The film Jaws cemented the Great White sharks’ image as cold-blooded murderers.But the truth is, Great Whites rarely attack humans. More people are killed by kitchen toasters each year than sharks.
It’s the Great Whites’ extraordinary killer instincts that give these sea beasts an often misleading reputation. Still, so much about the Great White remains a mystery.
In the documentary series Inside Nature’s Giants, a team of experts dissect a Great White to understand more about the behaviour and evolution of this particular shark.
Read on to learn how Great Whites became the biggest fish in the sea, the origins of their deadly bite, and why they can never stop swimming.
South Africa's Mossel Bay is a popular tourist spot known for its dense population of Great Whites. In 2010, a massive Great White was caught in a beach net designed to protect humans. The female 12-year-old shark weighed nearly 2,000 pounds and was 15 feet long.
The first thing you'll notice is the stomach in the shark's mouth. Scientists aren't sure why this happened, but think the shark may have vomited out its own stomach in the panic of being trapped in a net.
The shark is lowered down onto the dissection table and the first cut is made. The skin of the shark is like slicing through sand paper.
A shark's skin is rough because it is covered with tiny teeth, which are the same as the big teeth that sharks use to eat with.
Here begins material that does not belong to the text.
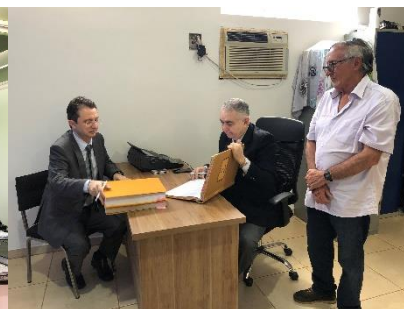
Serviço Notarial e de Registro Civil das Pessoas Naturais do Município de Paranhos

From an evolutionary standpoint, the micro-teeth of a shark's skin became the teeth in their mouth.
Interestingly, while the shark's teeth are very sharp, they are also quite wobbly and can be pushed in with the touch of a finger.
The shark's huge jaw muscles deliver a relatively weak bite. That's because the jaw isn't attached to the skull.
Because of this, when a shark opens its mouth the jaw can be thrown forward, enlarging the size of its bite. This helps the shark take huge chunks out of their prey.
Here are the shark's gills. In order for sharks to breathe, water must flow through its gills, where oxygen exchange occurs. If a shark stops swimming, preventing water from moving through its gills, it will suffocate and die.
Sharks never close their eyes except for the moment they strike their prey. The eye socket rolls back as a form of protection during the attack. A Great White shark never blinks because it has no eyelid.
Slicing through the eye is also very difficult. This is another layer of defence designed to protect the shark in an attack.
A shark's nostrils has two holes to the let water in and out. The nose is adapted to pick up small particles, especially blood.
Because their hearing isn't great at pinpointing the direction a sound comes from, sharks have a special sensory system called the lateral line, shown here. The sensory organ can detect vibrations in the water and sends these signals to the brain.
Unlike other fish, sharks lack gas-filled swim bladders that control buoyancy. Instead, they rely on a giant liver packed with oil to keep them afloat. Sharks will sink if they stop swimming.
Unlike humans and most other vertebrates, sharks don't have any bones; it's all cartilage. This unique quality is what gives them lightness and flexibility in the water, while enabling them to become the largest fish in the sea. Shown here is the whale shark, which can weigh up to 20 tons.
Nearly 90 per cent of the tail is muscle. The red muscle is used for sustained swimming; The white muscle is used for sudden bursts of energy like during a sudden attack.
Finally, scientists get to the computer that controls all of these senses: the brain. It's held within a cartilage cranium. In order to reach it, you have to take the entire head off.
This is the cavity where the brain sits. It's small, but extremely specialised in order to process lots of sensory information. All of these senses are what makes the Great White a super predator.